Available data Start Marker
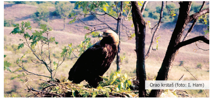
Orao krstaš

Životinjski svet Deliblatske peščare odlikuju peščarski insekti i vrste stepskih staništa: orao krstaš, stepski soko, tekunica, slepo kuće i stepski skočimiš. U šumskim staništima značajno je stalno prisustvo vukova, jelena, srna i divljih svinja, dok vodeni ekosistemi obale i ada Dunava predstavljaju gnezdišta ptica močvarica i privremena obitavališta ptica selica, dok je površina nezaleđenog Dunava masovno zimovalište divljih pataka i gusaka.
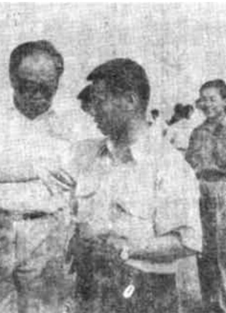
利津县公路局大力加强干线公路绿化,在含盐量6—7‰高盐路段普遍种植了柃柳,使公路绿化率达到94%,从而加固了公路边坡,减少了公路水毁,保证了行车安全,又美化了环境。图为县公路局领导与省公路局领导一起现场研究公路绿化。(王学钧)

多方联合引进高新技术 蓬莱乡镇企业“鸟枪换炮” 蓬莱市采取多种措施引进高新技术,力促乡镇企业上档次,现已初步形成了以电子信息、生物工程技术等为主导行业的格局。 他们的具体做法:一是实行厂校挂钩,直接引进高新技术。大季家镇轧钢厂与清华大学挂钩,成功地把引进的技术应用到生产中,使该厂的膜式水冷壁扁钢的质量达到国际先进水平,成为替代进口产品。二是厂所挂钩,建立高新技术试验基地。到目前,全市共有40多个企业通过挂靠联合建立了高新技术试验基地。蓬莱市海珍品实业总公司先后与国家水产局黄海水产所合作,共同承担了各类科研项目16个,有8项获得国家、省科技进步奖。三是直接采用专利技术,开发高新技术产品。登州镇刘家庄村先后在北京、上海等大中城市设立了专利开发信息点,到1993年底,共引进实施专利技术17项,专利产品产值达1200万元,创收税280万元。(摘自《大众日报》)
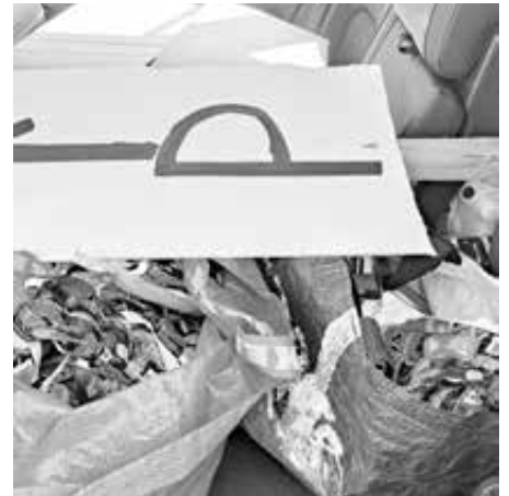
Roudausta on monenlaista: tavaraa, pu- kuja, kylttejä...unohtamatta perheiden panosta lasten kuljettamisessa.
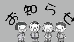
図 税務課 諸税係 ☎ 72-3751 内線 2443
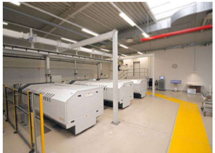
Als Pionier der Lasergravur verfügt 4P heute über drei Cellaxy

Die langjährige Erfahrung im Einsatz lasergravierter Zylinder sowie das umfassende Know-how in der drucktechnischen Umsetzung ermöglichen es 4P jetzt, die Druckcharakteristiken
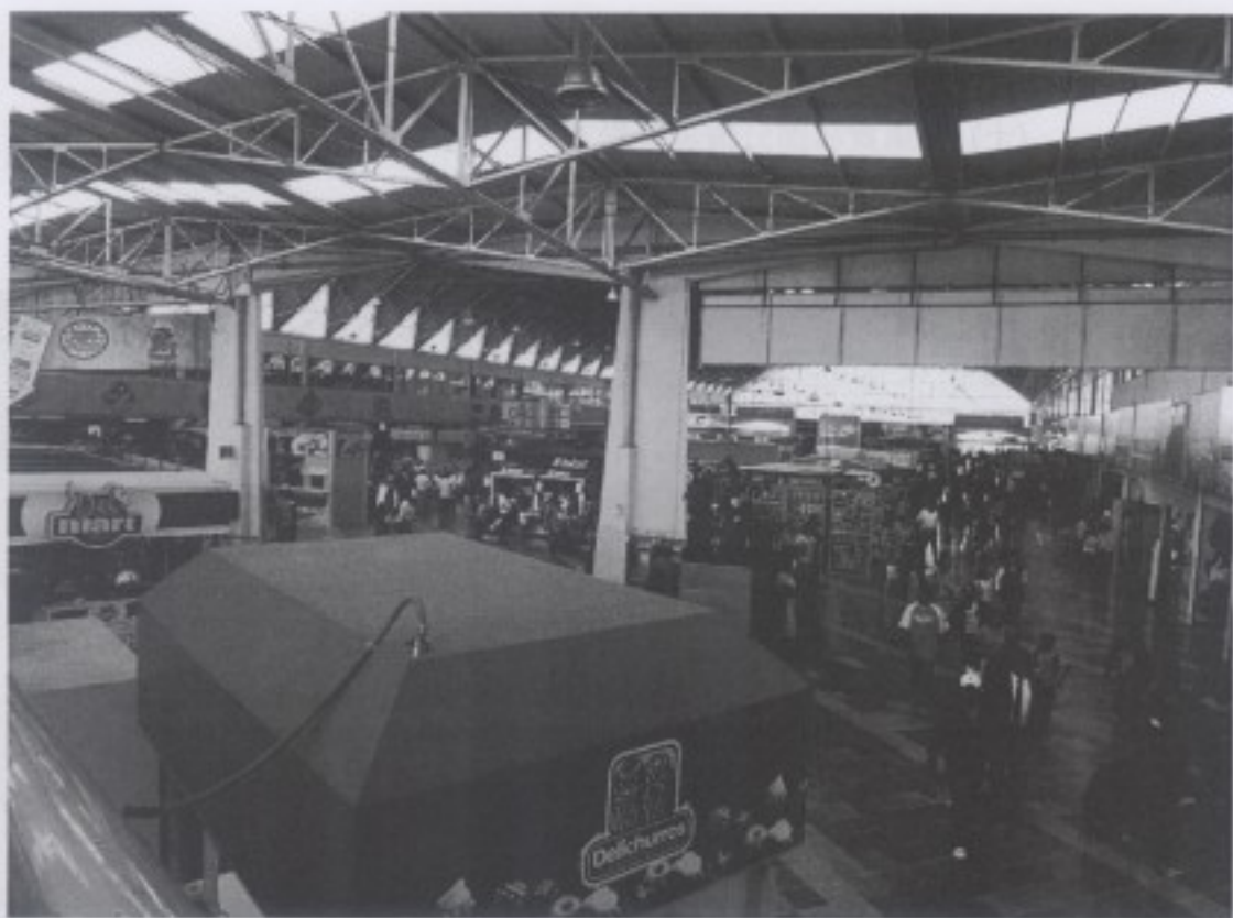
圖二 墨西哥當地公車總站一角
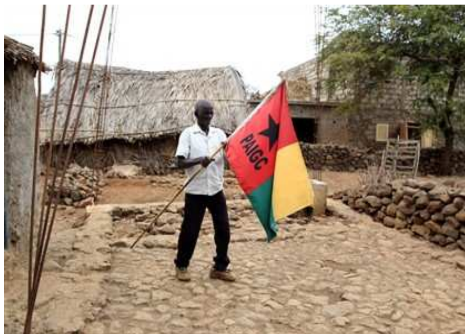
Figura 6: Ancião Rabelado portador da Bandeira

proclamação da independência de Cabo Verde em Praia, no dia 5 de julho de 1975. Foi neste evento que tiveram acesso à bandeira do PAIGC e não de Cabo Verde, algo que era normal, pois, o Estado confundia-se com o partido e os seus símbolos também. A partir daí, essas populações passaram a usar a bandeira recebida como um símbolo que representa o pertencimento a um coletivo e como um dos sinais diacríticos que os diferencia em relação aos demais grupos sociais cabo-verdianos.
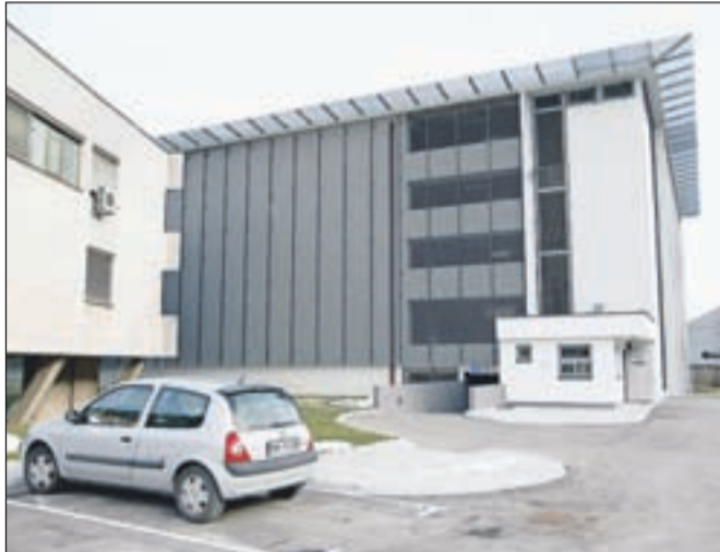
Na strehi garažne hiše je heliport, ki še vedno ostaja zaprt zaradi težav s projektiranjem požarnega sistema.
Available data End Marker
### Work to be completed
Write out every entry above exactly as it stands, minus the pictures.

### Solution
Orao krstaš

Životinjski svet Deliblatske peščare odlikuju peščarski insekti i vrste stepskih staništa: orao krstaš, stepski soko, tekunica, slepo kuće i stepski skočimiš. U šumskim staništima značajno je stalno prisustvo vukova, jelena, srna i divljih svinja, dok vodeni ekosistemi obale i ada Dunava predstavljaju gnezdišta ptica močvarica i privremena obitavališta ptica selica, dok je površina nezaleđenog Dunava masovno zimovalište divljih pataka i gusaka.
利津县公路局大力加强干线公路绿化,在含盐量6—7‰高盐路段普遍种植了柃柳,使公路绿化率达到94%,从而加固了公路边坡,减少了公路水毁,保证了行车安全,又美化了环境。图为县公路局领导与省公路局领导一起现场研究公路绿化。(王学钧)

多方联合引进高新技术 蓬莱乡镇企业“鸟枪换炮” 蓬莱市采取多种措施引进高新技术,力促乡镇企业上档次,现已初步形成了以电子信息、生物工程技术等为主导行业的格局。 他们的具体做法:一是实行厂校挂钩,直接引进高新技术。大季家镇轧钢厂与清华大学挂钩,成功地把引进的技术应用到生产中,使该厂的膜式水冷壁扁钢的质量达到国际先进水平,成为替代进口产品。二是厂所挂钩,建立高新技术试验基地。到目前,全市共有40多个企业通过挂靠联合建立了高新技术试验基地。蓬莱市海珍品实业总公司先后与国家水产局黄海水产所合作,共同承担了各类科研项目16个,有8项获得国家、省科技进步奖。三是直接采用专利技术,开发高新技术产品。登州镇刘家庄村先后在北京、上海等大中城市设立了专利开发信息点,到1993年底,共引进实施专利技术17项,专利产品产值达1200万元,创收税280万元。(摘自《大众日报》)
Roudausta on monenlaista: tavaraa, pu- kuja, kylttejä...unohtamatta perheiden panosta lasten kuljettamisessa.
図 税務課 諸税係 ☎ 72-3751 内線 2443
Als Pionier der Lasergravur verfügt 4P heute über drei Cellaxy

Die langjährige Erfahrung im Einsatz lasergravierter Zylinder sowie das umfassende Know-how in der drucktechnischen Umsetzung ermöglichen es 4P jetzt, die Druckcharakteristiken
圖二 墨西哥當地公車總站一角
Figura 6: Ancião Rabelado portador da Bandeira

proclamação da independência de Cabo Verde em Praia, no dia 5 de julho de 1975. Foi neste evento que tiveram acesso à bandeira do PAIGC e não de Cabo Verde, algo que era normal, pois, o Estado confundia-se com o partido e os seus símbolos também. A partir daí, essas populações passaram a usar a bandeira recebida como um símbolo que representa o pertencimento a um coletivo e como um dos sinais diacríticos que os diferencia em relação aos demais grupos sociais cabo-verdianos.
Na strehi garažne hiše je heliport, ki še vedno ostaja zaprt zaradi težav s projektiranjem požarnega sistema.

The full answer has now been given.